(Exercise):
Starting with the line containing "Um kit digital" and going on through the line containing "The options may", return the lines of the data below exactly, and only those.

------ Given data ------

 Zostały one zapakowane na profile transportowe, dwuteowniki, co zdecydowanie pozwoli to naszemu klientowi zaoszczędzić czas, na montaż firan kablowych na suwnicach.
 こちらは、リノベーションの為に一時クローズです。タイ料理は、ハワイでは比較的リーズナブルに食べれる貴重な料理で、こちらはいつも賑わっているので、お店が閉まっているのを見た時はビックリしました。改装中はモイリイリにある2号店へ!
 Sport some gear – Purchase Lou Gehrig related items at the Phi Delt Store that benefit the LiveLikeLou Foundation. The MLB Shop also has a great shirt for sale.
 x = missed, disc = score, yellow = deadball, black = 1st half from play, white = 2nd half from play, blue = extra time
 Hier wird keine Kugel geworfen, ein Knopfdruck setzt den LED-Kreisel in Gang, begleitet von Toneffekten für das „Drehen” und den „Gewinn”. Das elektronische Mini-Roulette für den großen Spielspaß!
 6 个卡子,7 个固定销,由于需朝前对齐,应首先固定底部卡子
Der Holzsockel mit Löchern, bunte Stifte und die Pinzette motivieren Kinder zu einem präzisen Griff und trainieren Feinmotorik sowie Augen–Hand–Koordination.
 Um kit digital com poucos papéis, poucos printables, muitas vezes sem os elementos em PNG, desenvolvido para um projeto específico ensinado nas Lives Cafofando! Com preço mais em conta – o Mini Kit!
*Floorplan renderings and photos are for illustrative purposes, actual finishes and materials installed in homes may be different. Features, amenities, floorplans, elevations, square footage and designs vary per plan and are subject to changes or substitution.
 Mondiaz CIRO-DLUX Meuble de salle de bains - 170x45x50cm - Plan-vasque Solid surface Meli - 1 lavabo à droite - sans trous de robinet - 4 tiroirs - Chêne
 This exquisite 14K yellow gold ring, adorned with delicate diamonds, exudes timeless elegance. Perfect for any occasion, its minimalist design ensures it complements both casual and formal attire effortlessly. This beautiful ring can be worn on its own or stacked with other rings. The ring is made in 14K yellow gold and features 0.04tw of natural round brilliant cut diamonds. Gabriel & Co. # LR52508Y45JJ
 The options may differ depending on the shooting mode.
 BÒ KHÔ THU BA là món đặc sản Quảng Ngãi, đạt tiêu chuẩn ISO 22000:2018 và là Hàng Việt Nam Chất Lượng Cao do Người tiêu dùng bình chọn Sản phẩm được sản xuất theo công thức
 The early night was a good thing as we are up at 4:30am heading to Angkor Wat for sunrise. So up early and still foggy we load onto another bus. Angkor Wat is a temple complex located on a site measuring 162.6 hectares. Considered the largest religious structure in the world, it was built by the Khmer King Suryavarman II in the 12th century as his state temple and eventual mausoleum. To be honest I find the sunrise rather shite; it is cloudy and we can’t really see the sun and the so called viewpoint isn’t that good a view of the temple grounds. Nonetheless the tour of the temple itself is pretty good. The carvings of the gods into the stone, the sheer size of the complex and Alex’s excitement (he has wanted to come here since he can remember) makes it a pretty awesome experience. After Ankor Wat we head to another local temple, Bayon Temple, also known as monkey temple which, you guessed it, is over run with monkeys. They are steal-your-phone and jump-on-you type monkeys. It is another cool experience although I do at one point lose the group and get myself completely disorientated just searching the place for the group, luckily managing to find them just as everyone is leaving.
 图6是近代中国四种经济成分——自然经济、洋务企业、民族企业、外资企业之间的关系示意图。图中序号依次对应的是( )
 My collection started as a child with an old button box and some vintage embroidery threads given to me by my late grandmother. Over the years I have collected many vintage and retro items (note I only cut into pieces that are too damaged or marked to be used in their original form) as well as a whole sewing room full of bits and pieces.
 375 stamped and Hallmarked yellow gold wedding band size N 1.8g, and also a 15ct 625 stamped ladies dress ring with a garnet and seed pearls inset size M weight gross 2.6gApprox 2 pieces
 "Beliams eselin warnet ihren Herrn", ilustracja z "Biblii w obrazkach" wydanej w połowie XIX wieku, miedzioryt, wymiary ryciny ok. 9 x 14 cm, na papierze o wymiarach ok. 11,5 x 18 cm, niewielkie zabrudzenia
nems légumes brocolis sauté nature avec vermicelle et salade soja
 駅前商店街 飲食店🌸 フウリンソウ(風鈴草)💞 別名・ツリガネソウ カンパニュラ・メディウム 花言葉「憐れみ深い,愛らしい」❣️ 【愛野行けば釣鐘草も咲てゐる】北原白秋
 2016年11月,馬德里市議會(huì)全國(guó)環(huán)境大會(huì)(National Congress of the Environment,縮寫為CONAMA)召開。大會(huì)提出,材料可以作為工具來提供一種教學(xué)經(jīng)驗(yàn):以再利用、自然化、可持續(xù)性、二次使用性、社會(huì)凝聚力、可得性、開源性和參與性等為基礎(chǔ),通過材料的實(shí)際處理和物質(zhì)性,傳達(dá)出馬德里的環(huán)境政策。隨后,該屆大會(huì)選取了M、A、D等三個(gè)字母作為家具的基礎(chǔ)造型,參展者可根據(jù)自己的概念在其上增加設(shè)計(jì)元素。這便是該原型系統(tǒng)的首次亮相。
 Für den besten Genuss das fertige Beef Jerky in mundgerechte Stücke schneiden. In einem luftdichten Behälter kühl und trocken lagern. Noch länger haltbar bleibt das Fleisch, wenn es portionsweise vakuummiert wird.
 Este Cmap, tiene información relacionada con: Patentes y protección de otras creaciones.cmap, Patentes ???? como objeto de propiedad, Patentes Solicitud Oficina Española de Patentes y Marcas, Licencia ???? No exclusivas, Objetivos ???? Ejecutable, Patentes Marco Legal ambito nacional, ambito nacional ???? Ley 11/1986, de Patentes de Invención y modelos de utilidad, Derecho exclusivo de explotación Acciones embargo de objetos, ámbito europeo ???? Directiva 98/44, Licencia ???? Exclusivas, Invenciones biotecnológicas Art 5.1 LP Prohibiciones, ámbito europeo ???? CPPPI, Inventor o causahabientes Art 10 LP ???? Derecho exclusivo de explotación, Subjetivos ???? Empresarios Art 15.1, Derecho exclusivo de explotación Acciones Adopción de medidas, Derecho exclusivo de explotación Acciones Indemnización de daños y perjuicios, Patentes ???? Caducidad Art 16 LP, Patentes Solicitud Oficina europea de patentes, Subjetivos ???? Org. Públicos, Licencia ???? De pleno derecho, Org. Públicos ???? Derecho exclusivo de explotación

------

(Response area):
 Um kit digital com poucos papéis, poucos printables, muitas vezes sem os elementos em PNG, desenvolvido para um projeto específico ensinado nas Lives Cafofando! Com preço mais em conta – o Mini Kit!
*Floorplan renderings and photos are for illustrative purposes, actual finishes and materials installed in homes may be different. Features, amenities, floorplans, elevations, square footage and designs vary per plan and are subject to changes or substitution.
 Mondiaz CIRO-DLUX Meuble de salle de bains - 170x45x50cm - Plan-vasque Solid surface Meli - 1 lavabo à droite - sans trous de robinet - 4 tiroirs - Chêne
 This exquisite 14K yellow gold ring, adorned with delicate diamonds, exudes timeless elegance. Perfect for any occasion, its minimalist design ensures it complements both casual and formal attire effortlessly. This beautiful ring can be worn on its own or stacked with other rings. The ring is made in 14K yellow gold and features 0.04tw of natural round brilliant cut diamonds. Gabriel & Co. # LR52508Y45JJ
 The options may differ depending on the shooting mode.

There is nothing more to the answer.